Professional Documents
Culture Documents
Vocabulary: https://dictionary.cambridge.org/
Shop: a place where you can buy goods or services.
Shopkeeper: a person who owns and manages a small shop.
Sweets: sweet food, such as candy or cake.
Fridge: a piece of kitchen equipment that uses electricity to preserve food at a cold
temperature. (Also, refrigerator).
Change: the money that is returned to someone who has paid for something that costs less
that the amount that they gave.
Reordering a dialogue:
B: Hi, how much are these sweets?
B: Here you are. Thanks.
B: OK, can I have these sweets and a cola, please?
A: These ones? Let me see… they’re $1.00.
A: Thanks a lot. Bye.
A: Hi, can I help you?
A: Of course.
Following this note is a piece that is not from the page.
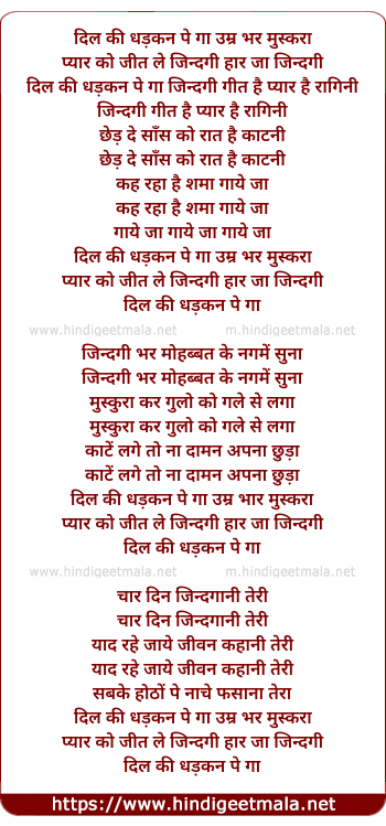 Lyrics of Dil Ki Dhadkan Par Gaa - दिल की धड़कन पे गा उम्र भर मुस्करा

Is that everything?
A: That’s $2.00, please.
B: Yes, thanks.
Vocabulary:
Stationmaster: the person who is in charge of a railroad station.
Missed: (miss) to arrive too late to get on a bus, train or aircraft.
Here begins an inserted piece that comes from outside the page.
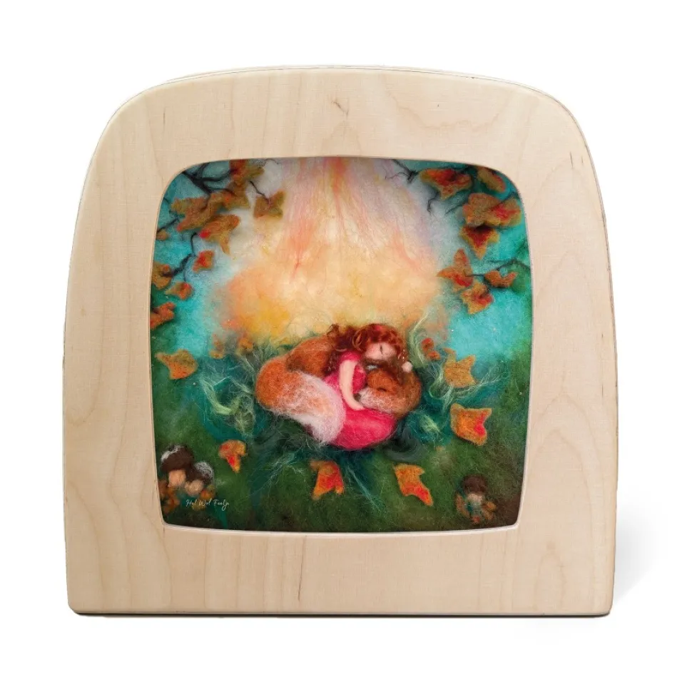 De kunst op deze plaat is gemaakt door Het Wolfeetje. Zij maakt prachtige kunstwerkjes van wol met dromerige en seizoensgerelateerde tafereeltjes.

Platform: a long, flat raised structure at a railroad station, where people get on and off trains.
Rush hour: the busy part of the day when towns and cities are crowded, either in the morning
when people are traveling to work, or in the evening when people are traveling home.
Change: to exchange one thing for another thing, especially of a similar type.
Telling time:
At full hours: “O’clock”. 01:00 is one o’clock, 07:00 is seven o’clock, 12:00 is twelve o’clock.
At half hours (30 minutes passed the hour): “Half past”. 02:30 is half past two, 06:30 is half
past six, 10:30 is half past ten.
At quarter hours (15 minutes after the hour or 15 minutes before the hour): “A quarter to” and
“a quarter past”. 04:45 is a quarter to five, 9:15 is a quarter past nine, 12:45 is a quarter to
one.
At other hours: we use “past” for 01 minute to 29 minutes, and “to” for 31 minutes to 59
minutes. 07:56 is four minutes to eight, 4:20 is twenty past four, 10:50 is ten to eleven.
Ordinal numbers (first, second, third, fourth, etc.) function as both adjectives and adverbs, the
–ly adverbs firstly, secondly, thirdly, fourthly can be used to enumerate. Usually, when listing
things there is a convention that the first item is introduced as first rather than firstly, although
the following items can be said to be secondly, thirdly, fourthly, etc.
Linking words: help you to connect ideas and sentences when you speak or write. We can use
linking words to give examples, add information, summarise, sequence information, give a
reason or result, or to contrast ideas.